Connect to StarRocks with a SQL client
Run this command from the directory containing the docker-compose.yml
file.
If you are using a client other than the mysql CLI, open that now.
docker compose exec starrocks-fe \
mysql -P9030 -h127.0.0.1 -uroot --prompt="StarRocks > "
Examine the storage volume
SHOW STORAGE VOLUMES;
+------------------------+
| Storage Volume |
+------------------------+
| builtin_storage_volume |
+------------------------+
1 row in set (0.00 sec)
DESC STORAGE VOLUME builtin_storage_volume\G
Some of the SQL in this document, and many other documents in the StarRocks documentation, and with \G
instead
of a semicolon. The \G
causes the mysql CLI to render the query results vertically.
Many SQL clients do not interpret vertical formatting output, so you should replace \G
with ;
.
*************************** 1. row ***************************
Name: builtin_storage_volume
Type: S3
IsDefault: true
Location: s3://starrocks
Params: {"aws.s3.access_key":"******","aws.s3.secret_key":"******","aws.s3.endpoint":"minio:9000","aws.s3.region":"","aws.s3.use_instance_profile":"false","aws.s3.use_aws_sdk_default_behavior":"false"}
Enabled: true
Comment:
1 row in set (0.03 sec)
Verify that the parameters match the configuration.
The folder builtin_storage_volume
will not be visible in the MinIO object list until data is written to the bucket.
Create a table
These SQL commands are run in your SQL client.

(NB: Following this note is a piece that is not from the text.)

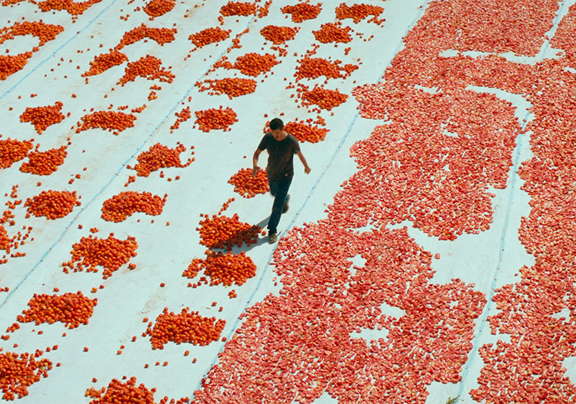 Açılış sahnesinde, akşam vakti bir düğünde geçtiğini düşündüğümüz davul zurna eşliğindeki halay ve sırayla geçen insan yüzleri kısa bir süre devam eder; hemen ardından yerini filme hâkim olan sahneye bırakır: Eyüp, Hemme, kadın ve çocuk işçilerin sıcağın altında gün içinde tarlada domates kurutmak için çalıştığı sahne. Ağır, durağan ve çok gürültülü olmayan bir atmosferde çalışmaya devam ederler. Eyüp, ustabaşından bir süredir yevmiyesini alamamıştır. Ara ara hatırlatır ama geçiştirilir. Sıcağın boğuculuğu, çalışma şartı, Hemme ile olan sürtüşme, çalışma koşulları ve ardından kendisine karşı üstünlük kurma çabasıyla burun buruna gelirler. Çalışmaya devam eder ama içine sinmez. Daha sonra Hemme’yle oluşan gerginlikte onun Eyüp’e küfür savurduğunu öğreniriz.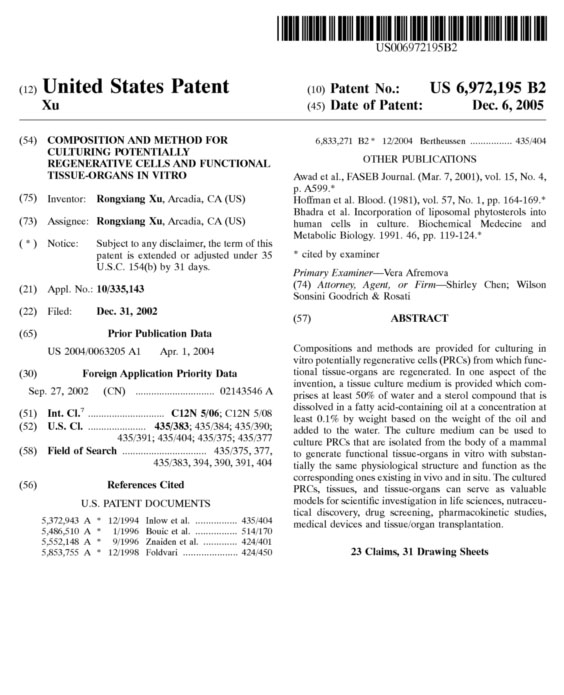 | 6972195 B2 | 在体外培养潜能再生细胞和有功能的组织器官的成分和方法 | 查看 |

CREATE DATABASE quickstart;
USE quickstart;
CREATE TABLE site_clicks (
`uid` bigint NOT NULL COMMENT "uid",
`site` string NOT NULL COMMENT "site url",
`vtime` bigint NOT NULL COMMENT "vtime"
)
DISTRIBUTED BY HASH(`uid`)
PROPERTIES("replication_num"="1");
Open the Redpanda Console
There will be no topics yet, a topic will be created in the next step.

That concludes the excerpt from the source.